Nathan Bihlmaier (right)
By Seth Koenig, BDN Staff

PORTLAND, Maine — Ri Ra Irish Pub officials said Friday that when Harvard Business School student Nathan Bihlmaier left their pub, his intoxication level was judged to be a 2 out of 10. It was his behavior, not drunkenness, that caused them to ask him to leave their Portland establishment late Saturday night.

Bihlmaier, 31, disappeared early Sunday morning and was found dead late Tuesday morning in Portland Harbor. The cause of death was determined to be accidental drowning.

He was in the Old Port with two Harvard classmates to celebrate their upcoming business school graduation when he was asked to leave Ri Ra because, police officials have said, he was “visibly intoxicated.”

In their first interview since the incident, Jay Luther, owner of the 12 Ri Ra Irish Pubs nationwide, and Northeast Group Business Manager James Thompson told the Bangor Daily News Friday Bihlmaier was asked to leave primarily because of bad behavior, not drunkenness.

They also said Scott St.
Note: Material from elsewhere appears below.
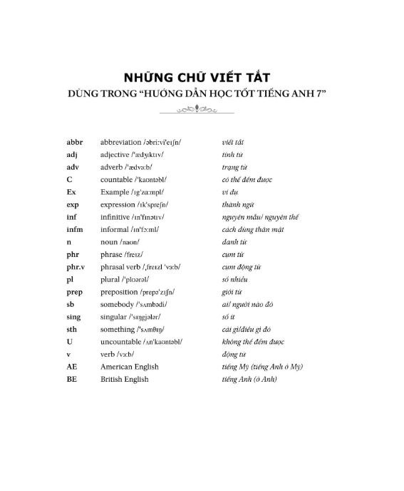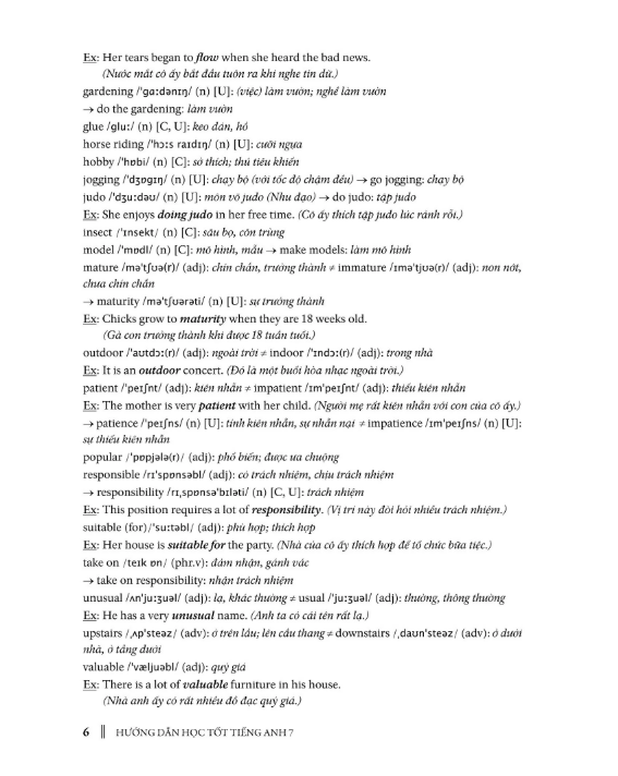 - Bài giải và bài dịch (Solutions & Translations): giải và dịch tất cả các bài hội thoại, bài đọc, bài nghe trong sách giáo khoa. (Lưu ý: Học sinh cần tự làm bài tập và nghe đĩa CD trước khi tham khảo phần này). Cuốn sách này sẽ giúp ích nhiều cho các em học sinh trong việc học tập Tiếng Anh, đồng thời cũng là tài liệu hữu ích cho các phụ huynh và thầy cô giáo trong việc hướng dẫn các em học tốt Tiếng Anh 7.

Ours, the security manager at the Portland pub, offered to procure Bihlmaier a taxi from a nearby cab stand, but Bihlmaier declined because he was staying at the Hilton Garden Inn across the street.

“Scott stated to us and to officers, he offered him a cab multiple times,” Thompson said. “Scott observed his behavior. He felt like he wasn’t staggering, he was speaking clearly. He was doing the most he could without forcing something on Nathan. That’s above and beyond what Maine state law says. Scott indicated that on a scale of 1 to 10 [in terms of intoxication], he was a 2. His eyes were not glassed over, and he was walking straight.”
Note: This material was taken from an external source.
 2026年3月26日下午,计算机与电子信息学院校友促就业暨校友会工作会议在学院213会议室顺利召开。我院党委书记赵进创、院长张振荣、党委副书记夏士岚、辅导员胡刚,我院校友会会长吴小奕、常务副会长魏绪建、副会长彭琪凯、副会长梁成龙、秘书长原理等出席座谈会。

“He was not falling over drunk,” Luther confirmed.

However, the Ri Ra officials said, he was acting inappropriately. They declined to describe in detail what actions caused Bihlmaier to be asked to leave out of respect for his family.

“He was removed for observed behavior that goes beyond drunkenness,” Luther said. “His behavior was first brought to our attention by a customer.”

St. Ours witnessed Bihlmaier turning west on Commercial Street, Thompson said, after he was escorted from the premises around 11:30 p.m.

Police have reported that Bihlmaier later spoke to his friends by cellphone at 12:15 a.m. near a building he didn’t recognize but described to friends — investigators later came to believe it was the U.S. Custom House on Commercial Street — and his cellphone stopped transmitting at 12:54 a.m. It remains unclear whether his cellphone stopped transmitting because its battery was drained or because it was underwater.

Bihlmaier’s friends reported him missing the following morning after being unable to rendezvous with him, and his body was found around 11:45 a.m. Tuesday by divers near the Custom House Wharf after nearly two days of searching.

Portland Police Chief Michael Sauschuck told reporters this week his department is attempting to piece together Bihlmaier’s final hours and determine how he ended up in the water by watching streetside security video footage from establishments along Commercial Street.

Early on in the investigation, police reported finding an article of clothing in Portland Harbor near the Maine State Pier, two wharves east of the Custom House Wharf.

“It’s a terrible situation,” Luther said. “It’s a tragedy. I really feel for his family and his wife. It’s been a long week for a lot of us. We’re cooperating with the police and hopefully they can find out what happened and find closure here.”